(What is expected):
Retype the data below verbatim; pictures do not belong in the copy.

(Dataset extract):
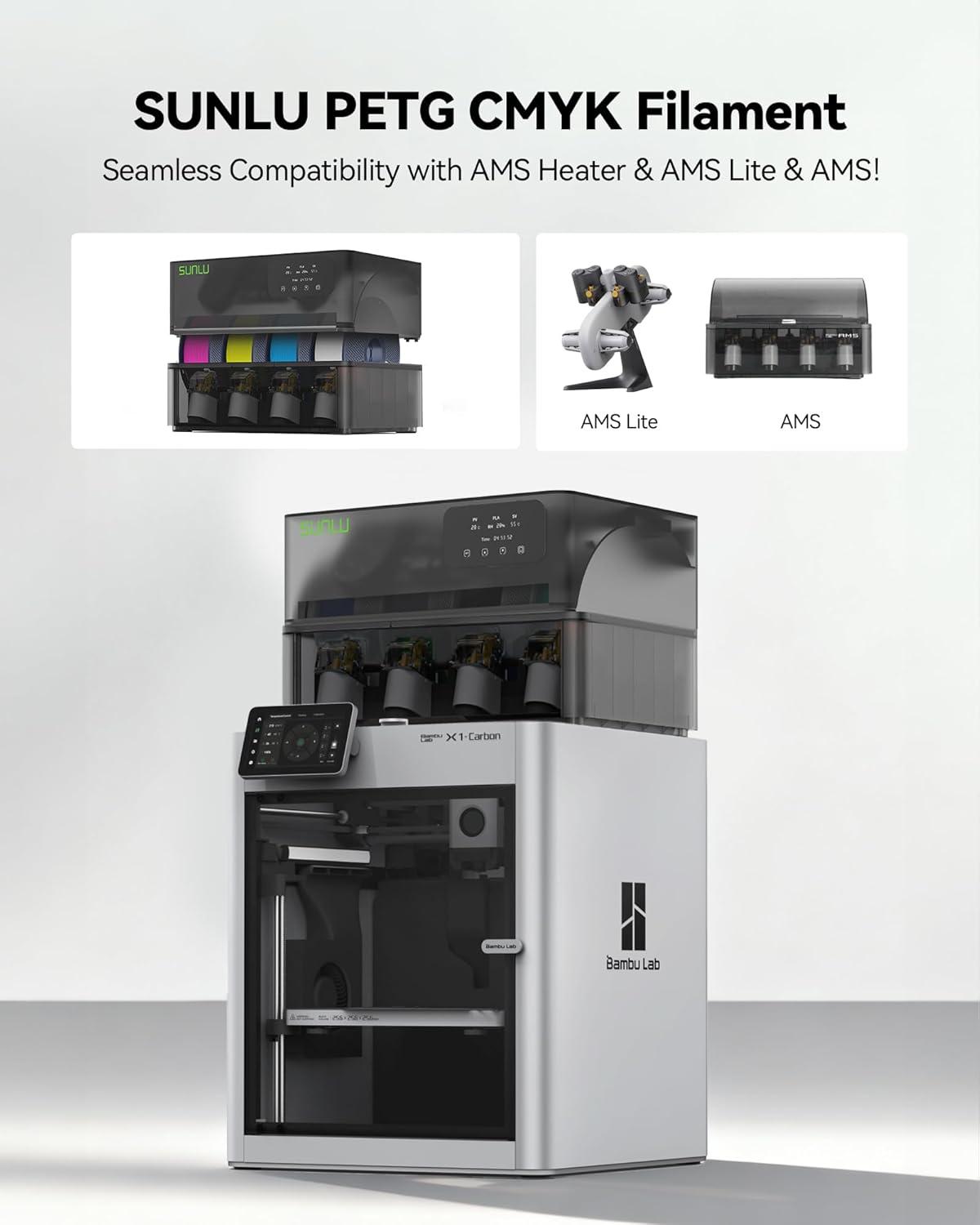 SUNLU PETG Glow in The Dark Filament Bundle,Luminous PETG 3D Printer Filament 1.75mm,Dimensional Accuracy +/- 0.02mm,4kg in Total,1kg per Spool,(White, Glow Blue/White, Glow Green/Glow Blue/Glow Red).(Cmyk 4kg Petg White+cyan+magenta+yellow)
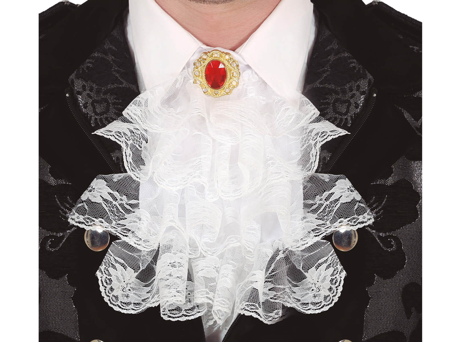 • Fehér csipke jabot arany brossal és piros ékszerekkel.
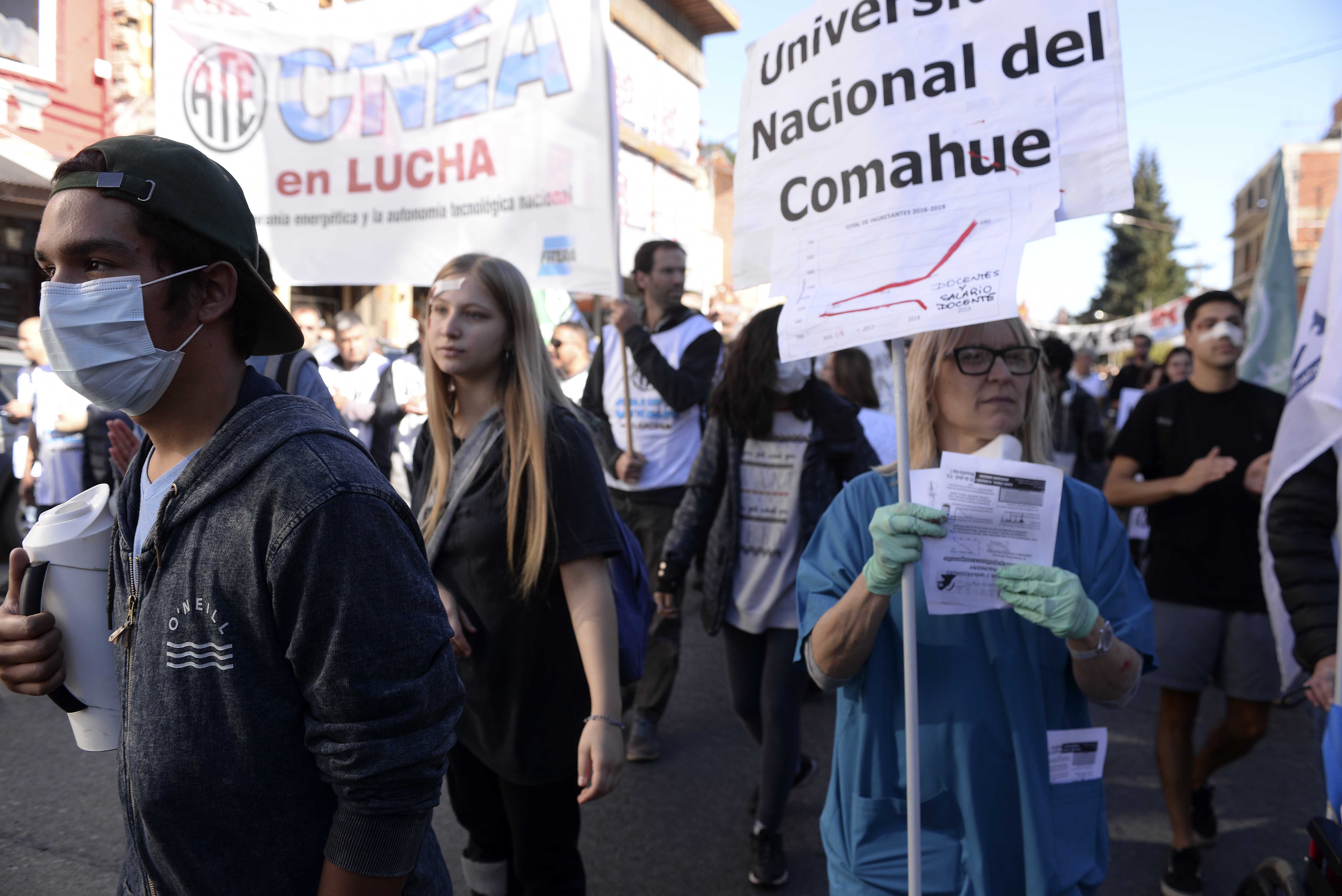 Los trabajadores del Centro Atómico Bariloche, Instituto Balseiro, Universidad de Río Negro y del Comahue, INTA, Agricultura Familiar, entre otros organismos formaron parte de la protesta.

(Solution to this task):
 SUNLU PETG Glow in The Dark Filament Bundle,Luminous PETG 3D Printer Filament 1.75mm,Dimensional Accuracy +/- 0.02mm,4kg in Total,1kg per Spool,(White, Glow Blue/White, Glow Green/Glow Blue/Glow Red).(Cmyk 4kg Petg White+cyan+magenta+yellow)
 • Fehér csipke jabot arany brossal és piros ékszerekkel.
 Los trabajadores del Centro Atómico Bariloche, Instituto Balseiro, Universidad de Río Negro y del Comahue, INTA, Agricultura Familiar, entre otros organismos formaron parte de la protesta.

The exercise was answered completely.